* **INSTRUCTIONS TO FOLLOW**: Restate word for word the lines of the records below, starting at the line that contains "Alessandro Magnasco è" and ending at the line that contains "Close-up Woman hand", with both of those lines included and nothing else.

Source records
::::

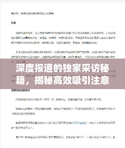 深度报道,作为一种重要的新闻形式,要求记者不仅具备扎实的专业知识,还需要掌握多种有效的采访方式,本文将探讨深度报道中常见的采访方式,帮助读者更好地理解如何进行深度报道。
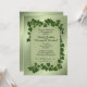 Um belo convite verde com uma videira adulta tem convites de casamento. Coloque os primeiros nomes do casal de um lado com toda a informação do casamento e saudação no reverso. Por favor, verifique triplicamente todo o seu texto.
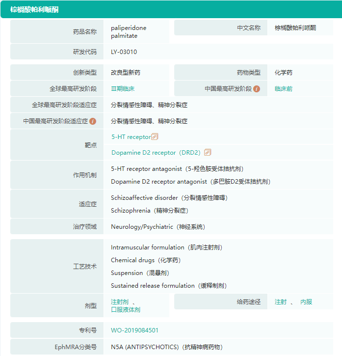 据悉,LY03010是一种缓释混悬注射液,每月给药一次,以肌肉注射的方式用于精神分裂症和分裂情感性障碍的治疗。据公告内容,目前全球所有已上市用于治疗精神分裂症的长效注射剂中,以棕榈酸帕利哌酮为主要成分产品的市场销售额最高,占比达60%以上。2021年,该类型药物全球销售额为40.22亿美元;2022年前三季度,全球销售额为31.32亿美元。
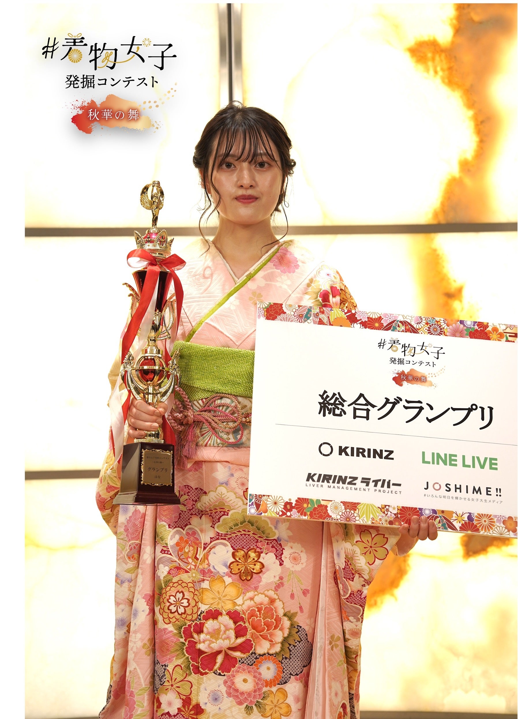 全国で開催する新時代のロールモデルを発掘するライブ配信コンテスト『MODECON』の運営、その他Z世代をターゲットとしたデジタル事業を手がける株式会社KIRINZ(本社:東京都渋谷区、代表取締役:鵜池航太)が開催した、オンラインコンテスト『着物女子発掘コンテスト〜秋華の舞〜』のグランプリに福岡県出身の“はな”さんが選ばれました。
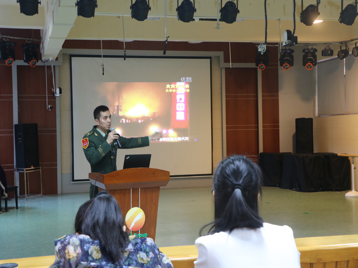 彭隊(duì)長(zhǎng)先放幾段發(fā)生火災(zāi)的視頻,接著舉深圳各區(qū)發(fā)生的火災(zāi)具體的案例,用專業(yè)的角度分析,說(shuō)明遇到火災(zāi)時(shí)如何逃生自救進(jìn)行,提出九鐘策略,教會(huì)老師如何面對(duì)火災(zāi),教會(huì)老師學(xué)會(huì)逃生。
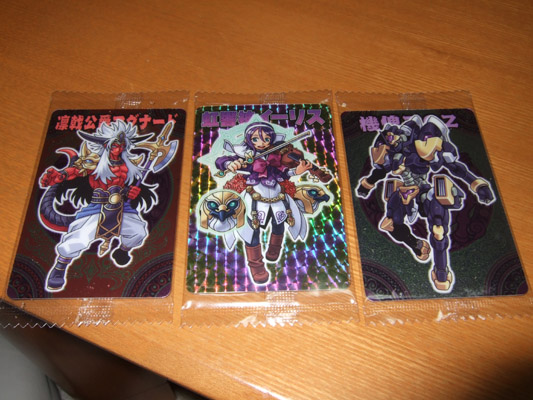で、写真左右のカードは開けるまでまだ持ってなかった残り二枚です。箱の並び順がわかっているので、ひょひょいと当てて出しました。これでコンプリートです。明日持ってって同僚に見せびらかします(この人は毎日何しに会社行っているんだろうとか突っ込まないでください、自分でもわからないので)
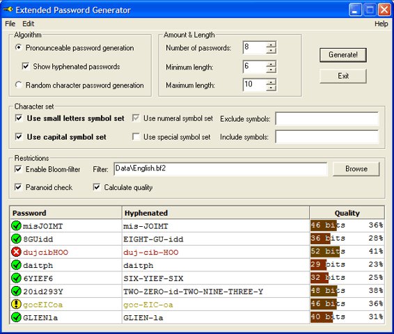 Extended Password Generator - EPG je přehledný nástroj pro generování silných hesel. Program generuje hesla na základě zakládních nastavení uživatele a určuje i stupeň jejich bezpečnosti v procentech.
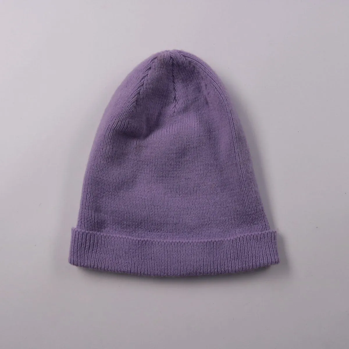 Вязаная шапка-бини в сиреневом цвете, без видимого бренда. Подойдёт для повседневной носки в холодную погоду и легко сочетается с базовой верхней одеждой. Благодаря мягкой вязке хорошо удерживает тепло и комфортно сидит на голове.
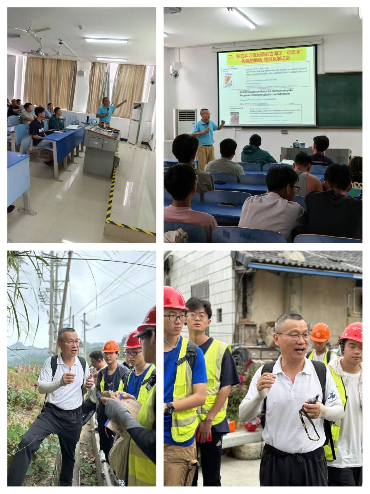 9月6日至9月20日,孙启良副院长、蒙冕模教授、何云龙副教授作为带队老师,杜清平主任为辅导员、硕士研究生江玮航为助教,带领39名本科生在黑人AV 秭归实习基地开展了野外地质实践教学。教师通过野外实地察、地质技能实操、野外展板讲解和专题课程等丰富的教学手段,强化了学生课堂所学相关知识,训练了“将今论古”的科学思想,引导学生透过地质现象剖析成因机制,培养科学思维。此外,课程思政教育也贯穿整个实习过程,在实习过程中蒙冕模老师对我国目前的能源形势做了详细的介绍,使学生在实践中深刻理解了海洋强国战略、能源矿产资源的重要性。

::::

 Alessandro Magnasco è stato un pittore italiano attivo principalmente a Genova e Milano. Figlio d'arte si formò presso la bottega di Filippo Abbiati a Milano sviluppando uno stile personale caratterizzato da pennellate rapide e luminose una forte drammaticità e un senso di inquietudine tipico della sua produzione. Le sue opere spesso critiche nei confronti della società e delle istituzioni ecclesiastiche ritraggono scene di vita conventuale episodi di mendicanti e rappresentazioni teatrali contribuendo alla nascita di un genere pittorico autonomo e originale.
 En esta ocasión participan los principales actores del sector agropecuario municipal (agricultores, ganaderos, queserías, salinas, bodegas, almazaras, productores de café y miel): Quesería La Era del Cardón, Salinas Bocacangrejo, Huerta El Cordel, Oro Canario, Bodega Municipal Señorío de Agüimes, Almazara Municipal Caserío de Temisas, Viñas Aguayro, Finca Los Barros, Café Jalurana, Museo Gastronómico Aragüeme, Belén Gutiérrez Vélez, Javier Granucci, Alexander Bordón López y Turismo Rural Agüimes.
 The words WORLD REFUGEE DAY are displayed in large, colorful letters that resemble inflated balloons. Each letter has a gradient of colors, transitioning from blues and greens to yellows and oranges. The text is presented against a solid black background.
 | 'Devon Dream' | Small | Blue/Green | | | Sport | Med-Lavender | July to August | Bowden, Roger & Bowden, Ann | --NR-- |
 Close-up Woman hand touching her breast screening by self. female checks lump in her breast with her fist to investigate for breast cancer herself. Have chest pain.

::::

* **SOLUTION**:
 Alessandro Magnasco è stato un pittore italiano attivo principalmente a Genova e Milano. Figlio d'arte si formò presso la bottega di Filippo Abbiati a Milano sviluppando uno stile personale caratterizzato da pennellate rapide e luminose una forte drammaticità e un senso di inquietudine tipico della sua produzione. Le sue opere spesso critiche nei confronti della società e delle istituzioni ecclesiastiche ritraggono scene di vita conventuale episodi di mendicanti e rappresentazioni teatrali contribuendo alla nascita di un genere pittorico autonomo e originale.
 En esta ocasión participan los principales actores del sector agropecuario municipal (agricultores, ganaderos, queserías, salinas, bodegas, almazaras, productores de café y miel): Quesería La Era del Cardón, Salinas Bocacangrejo, Huerta El Cordel, Oro Canario, Bodega Municipal Señorío de Agüimes, Almazara Municipal Caserío de Temisas, Viñas Aguayro, Finca Los Barros, Café Jalurana, Museo Gastronómico Aragüeme, Belén Gutiérrez Vélez, Javier Granucci, Alexander Bordón López y Turismo Rural Agüimes.
 The words WORLD REFUGEE DAY are displayed in large, colorful letters that resemble inflated balloons. Each letter has a gradient of colors, transitioning from blues and greens to yellows and oranges. The text is presented against a solid black background.
 | 'Devon Dream' | Small | Blue/Green | | | Sport | Med-Lavender | July to August | Bowden, Roger & Bowden, Ann | --NR-- |
 Close-up Woman hand touching her breast screening by self. female checks lump in her breast with her fist to investigate for breast cancer herself. Have chest pain.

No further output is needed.